[[ Data block open ]]

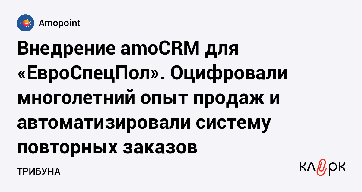 Внедрение amoCRM для «ЕвроСпецПол». Оцифровали многолетний опыт продаж и автоматизировали систему повторных заказов
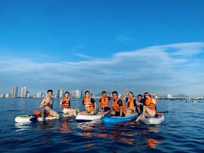 In particular, Camping SUP Da Nang is highly appreciated by many customers for its high-quality accompanying services. For example, when renting SUP, you will receive free drinks, free waterproof phone pouch, free diving goggles to see coral reefs, free parking, changing clothes... Besides, Camping SUP Da Nang has enthusiastic guides who closely accompany guests and especially take super thoughtful photos for guests. Along with that, the company also provides rescue boats to ensure safety for guests participating in activities. And if you have never experienced this sport before, don't worry, you will be carefully instructed before starting.
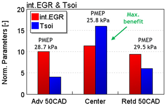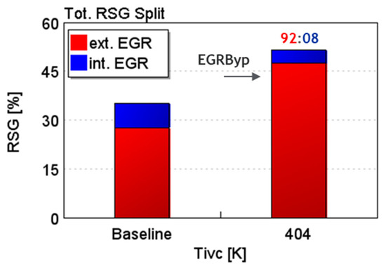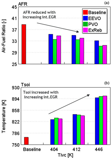 Figure 9 compares the resulting trapped int.EGR portions among the three VVA strategies that produced Tivc of 404, 412, and 446 K. For the baseline case, the int.EGR level is also shown for reference. As expected, increasing the int.EGR portion helped increase the Tivc from the baseline Tivc of 371 K that contained int.EGR portion below ~5%.
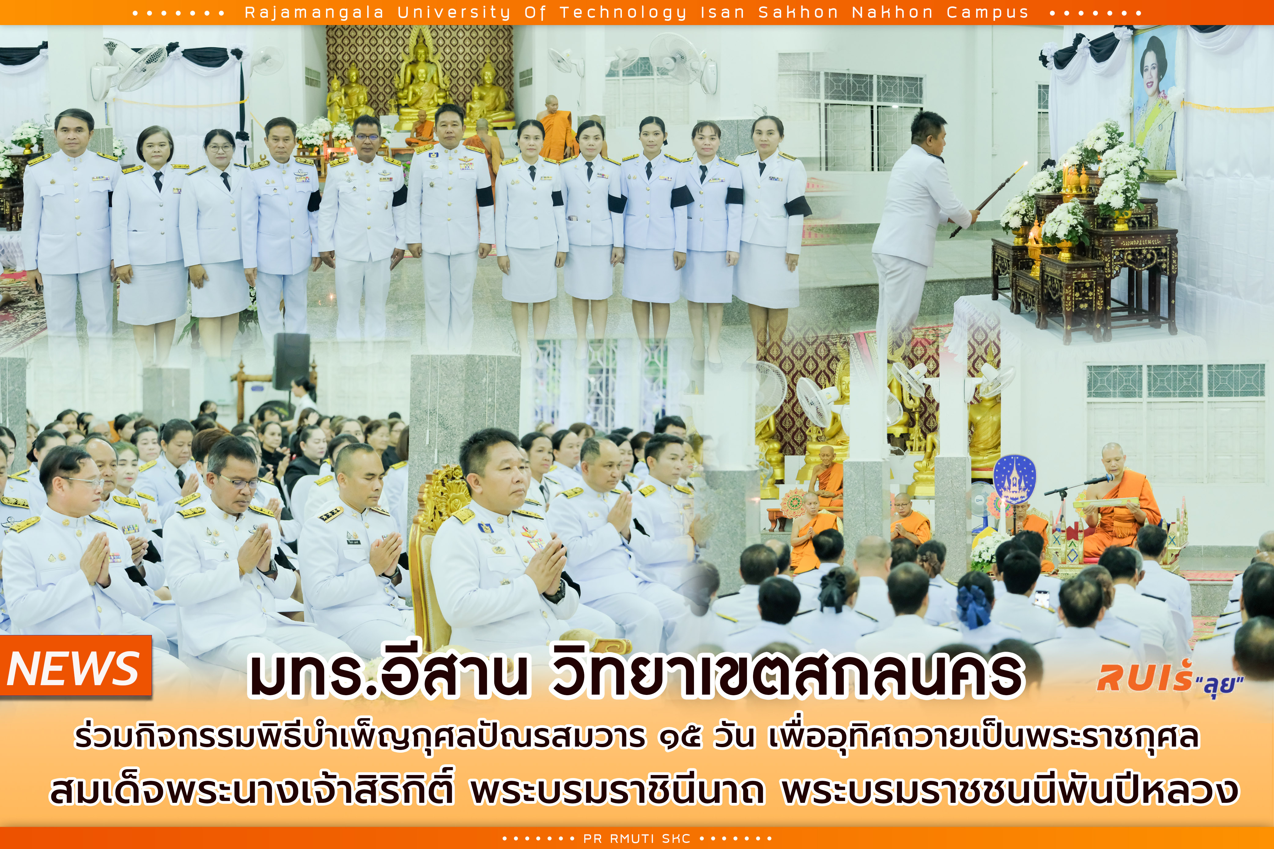 7 พฤศจิกายน 2568 มทร.อีสาน วิทยาเขตสกลนคร นำโดย ผศ.น.สพ.ดร.ชเวง สารคล่อง รองอธิการบดีประจำวิทยาเขตสกลนคร พร้อมด้วยผู้บริหาร คณาจารย์ และเจ้าหน้าที่ ร่วมกิจกรรมพิธีบำเพ็ญกุศลปัณรสมวาร ๑๕ วัน เพื่ออุทิศถวายเป็น พระราชกุศลสมเด็จพระนางเจ้าสิริกิติ์ พระบรมราชินีนาถ พระบรมราชชนนีพันปีหลวง โดย นายวิชาญ ดาทุมมา นายอำเภอพังโคน เป็นประธานฝ่ายฆราวาส เพื่อแสดงถึงความจงรักภักดีและน้อมสำนึกในพระมหากรุณาธิคุณของสมเด็จพระนางเจ้าสิริกิติ์ พระบรมราชชนนีพันปีหลวง ณ วัดศรีจำปาชนบท ตำบลพังโคน อำเภอพังโคน จังหวัดสกลนคร โดยมี หัวหน้าส่วนราชการ ข้าราชการ ทหาร ตำรวจ ผู้บริหารสถานศึกษา ผู้บริหารองค์กรปกครองส่วนท้องถิ่น กำนัน ผู้ใหญ่บ้าน ฯลฯ กลุ่มพลังมวลชน ทุกหมู่เหล่า และพสกนิกรชาวอำเภอพังโคนร่วมพิธีอย่างพร้อมเพรียง แสดงให้เห็นถึงความจงรักภักดี ความสามัคคี และความสำนึกในพระมหากรุณาธิคุณอันล้นพ้นของประชาชนชาวอำเภอพังโคน

[[ Data block closed ]]

§ Problem requirements
Omit the pictures. Transcribe word for word the lines from the one containing "Figure 9 compares" through the end of the listing, inclusive.

§ Your response
 Figure 9 compares the resulting trapped int.EGR portions among the three VVA strategies that produced Tivc of 404, 412, and 446 K. For the baseline case, the int.EGR level is also shown for reference. As expected, increasing the int.EGR portion helped increase the Tivc from the baseline Tivc of 371 K that contained int.EGR portion below ~5%.
 7 พฤศจิกายน 2568 มทร.อีสาน วิทยาเขตสกลนคร นำโดย ผศ.น.สพ.ดร.ชเวง สารคล่อง รองอธิการบดีประจำวิทยาเขตสกลนคร พร้อมด้วยผู้บริหาร คณาจารย์ และเจ้าหน้าที่ ร่วมกิจกรรมพิธีบำเพ็ญกุศลปัณรสมวาร ๑๕ วัน เพื่ออุทิศถวายเป็น พระราชกุศลสมเด็จพระนางเจ้าสิริกิติ์ พระบรมราชินีนาถ พระบรมราชชนนีพันปีหลวง โดย นายวิชาญ ดาทุมมา นายอำเภอพังโคน เป็นประธานฝ่ายฆราวาส เพื่อแสดงถึงความจงรักภักดีและน้อมสำนึกในพระมหากรุณาธิคุณของสมเด็จพระนางเจ้าสิริกิติ์ พระบรมราชชนนีพันปีหลวง ณ วัดศรีจำปาชนบท ตำบลพังโคน อำเภอพังโคน จังหวัดสกลนคร โดยมี หัวหน้าส่วนราชการ ข้าราชการ ทหาร ตำรวจ ผู้บริหารสถานศึกษา ผู้บริหารองค์กรปกครองส่วนท้องถิ่น กำนัน ผู้ใหญ่บ้าน ฯลฯ กลุ่มพลังมวลชน ทุกหมู่เหล่า และพสกนิกรชาวอำเภอพังโคนร่วมพิธีอย่างพร้อมเพรียง แสดงให้เห็นถึงความจงรักภักดี ความสามัคคี และความสำนึกในพระมหากรุณาธิคุณอันล้นพ้นของประชาชนชาวอำเภอพังโคน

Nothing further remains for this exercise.